__WHAT YOU SHOULD DO__
If pictures appear in the lines below, skip them and copy exactly the lines from the one containing "男性向けラノベタイトル風あだ名 | 『転生したらふじもとひらかつだった件』 |" through the one containing "The TCK has", and nothing else.
%%
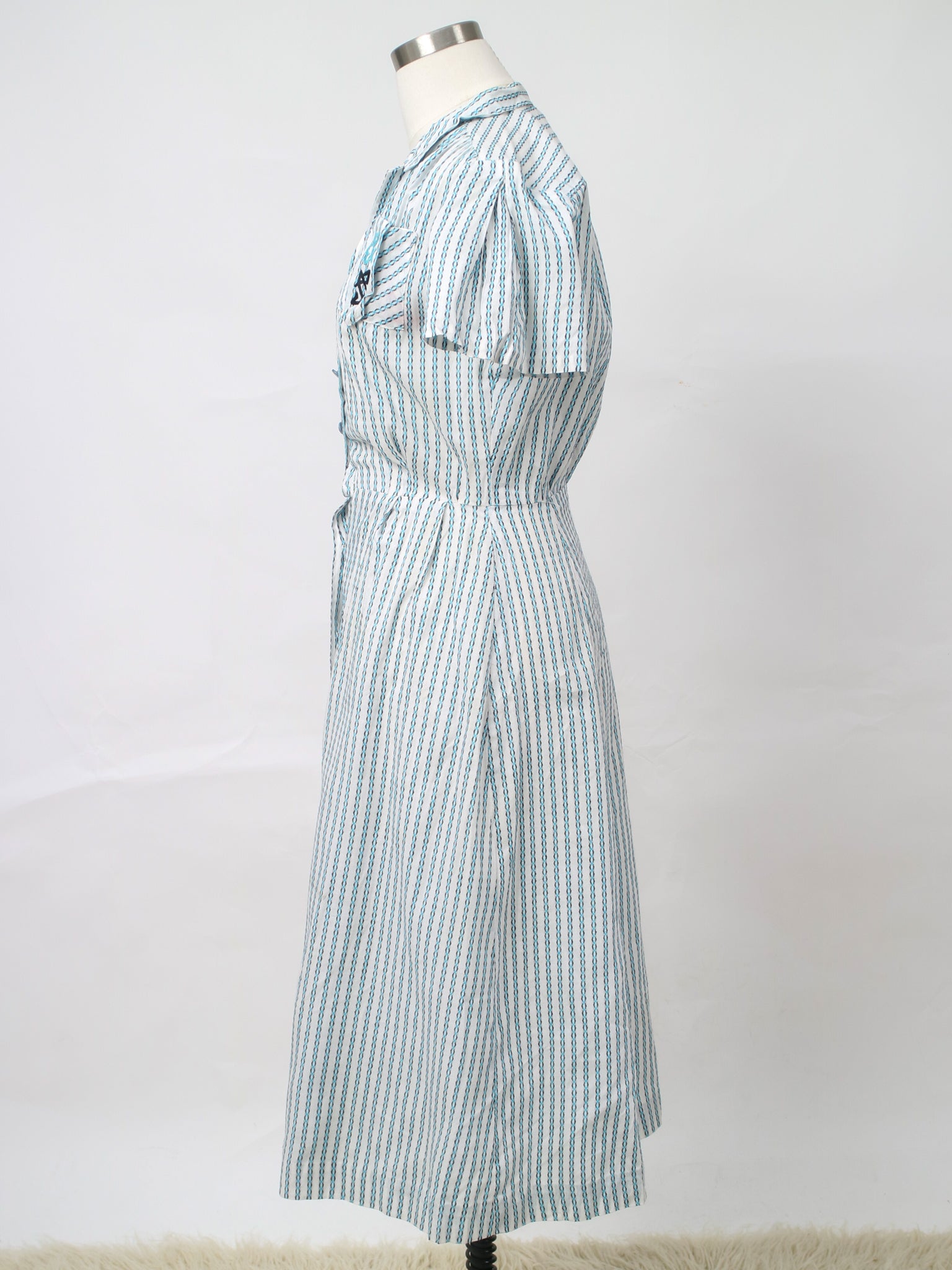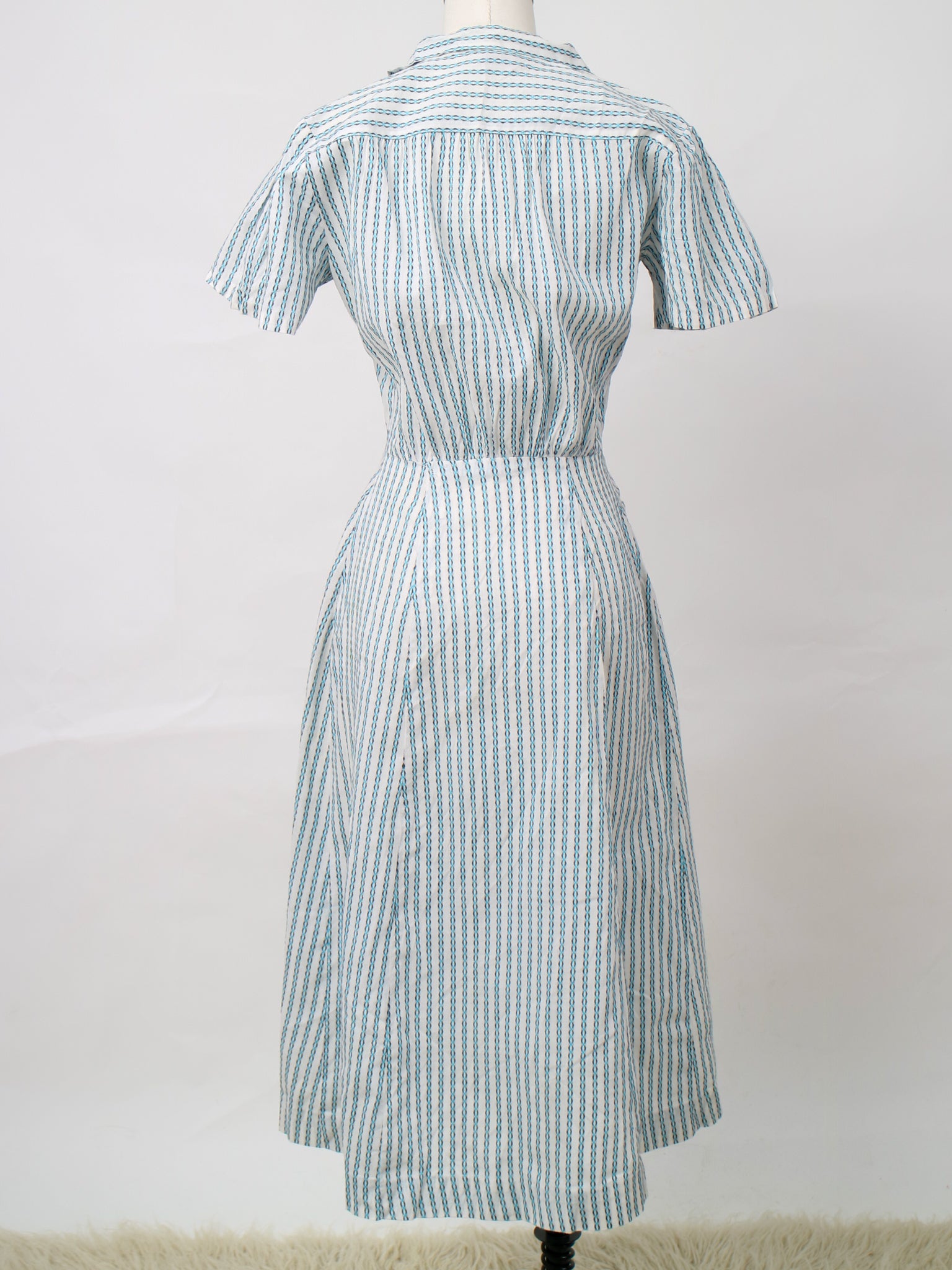 Product details: modern classics white blue and black geometric patterned cotton day dress
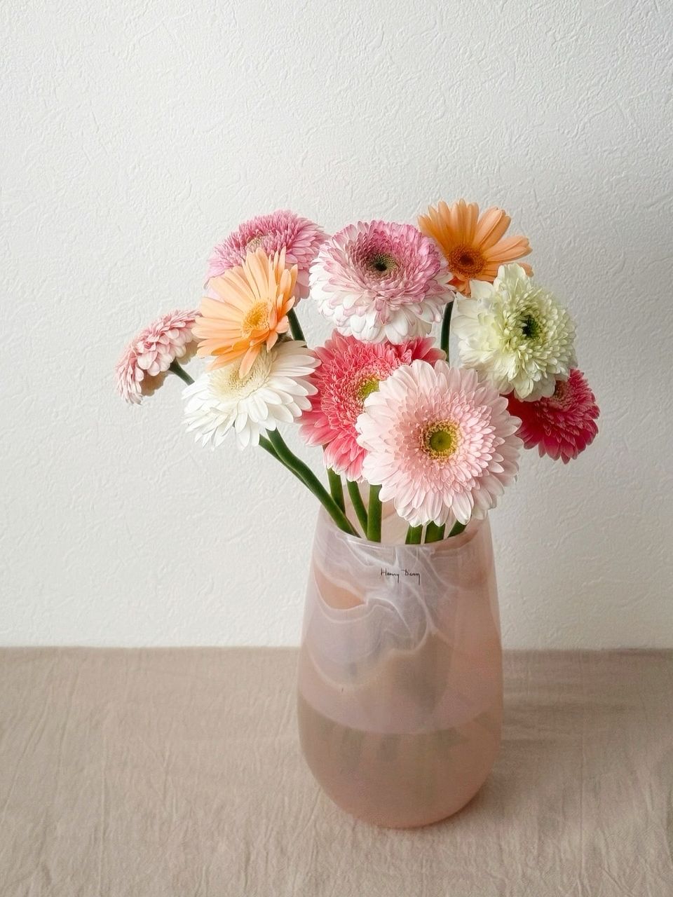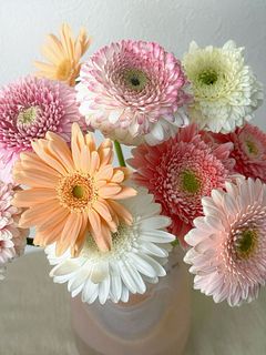 アプリコットピンクやコーラルピンク、ホワイトピンクなどニュアンスカラーのガーベラをギュッと束ねました🍑ころんとした咲き方が最高にキュート。
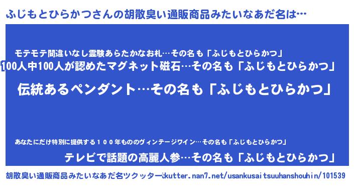 | 男性向けラノベタイトル風あだ名 | 『転生したらふじもとひらかつだった件』 |
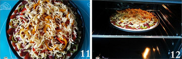 11、均匀撒上一层奶酪,然后铺上炒好的洋葱西红柿、红柿子椒、黄柿子椒、青椒,上面再均匀撒上剩下的奶酪。
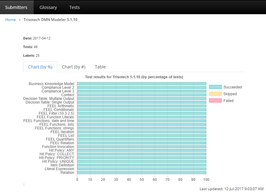 The TCK has already been extremely valuable to participants in clarifying ambiguous requirements of the spec and filtering out test cases that do not fully comply. Tools must be able to import the DMN XML file, but there is no constraint on their internal operation. While we only have 49 tests so far, we expect the number of tests to grow to the hundreds.
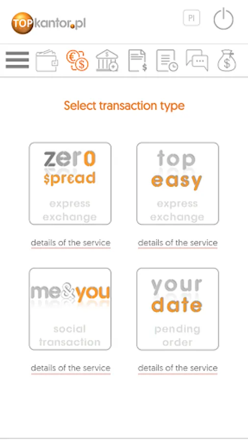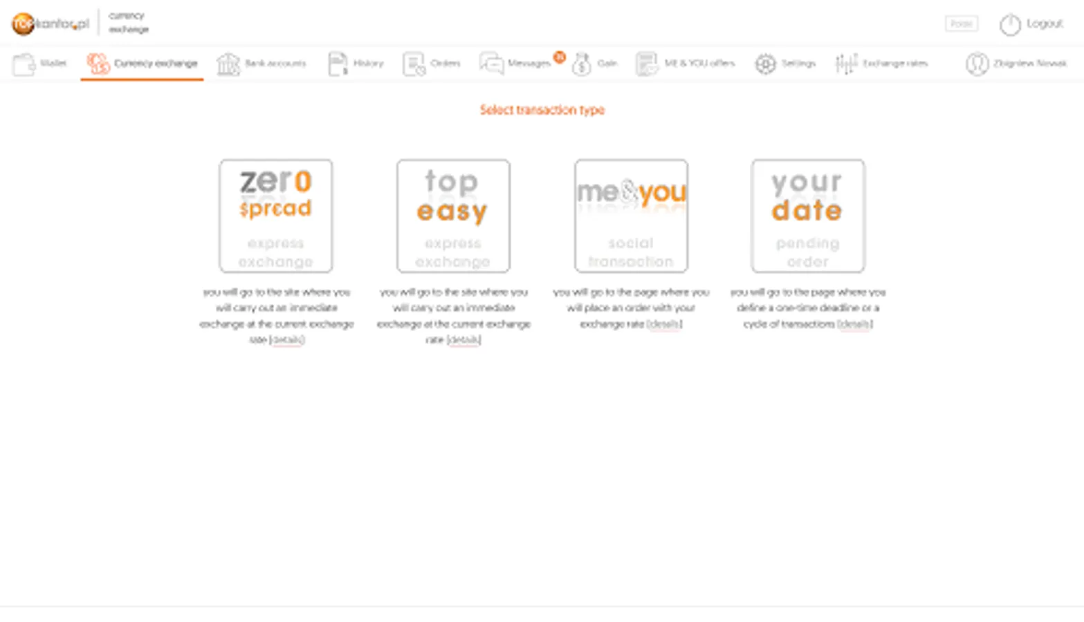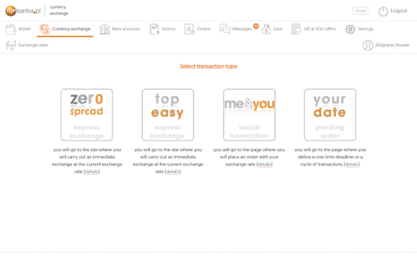 TOPkantor.pl is the cheapest and the best online currency exchange. As the first and only exchange office, we offer express exchange of currencies without spread ZERO $PREAD as well as ME & YOU social exchange with the lowest commission on the market (from 0.05%). Thanks to our online currency exchange platform, making transactions is possible from anywhere in the world. As part of no-cost access to the transaction panel, we offer you a range of additional services. If you want to exchange currency at a specific time or you want to set a loan repayment schedule, use the option YOUR DATE, so that all currency exchange operations will take place automatically. TOPkantor.pl will provide you with maximum convenience.
%%
__EXPECTED ANSWER__
 | 男性向けラノベタイトル風あだ名 | 『転生したらふじもとひらかつだった件』 |
 11、均匀撒上一层奶酪,然后铺上炒好的洋葱西红柿、红柿子椒、黄柿子椒、青椒,上面再均匀撒上剩下的奶酪。
 The TCK has already been extremely valuable to participants in clarifying ambiguous requirements of the spec and filtering out test cases that do not fully comply. Tools must be able to import the DMN XML file, but there is no constraint on their internal operation. While we only have 49 tests so far, we expect the number of tests to grow to the hundreds.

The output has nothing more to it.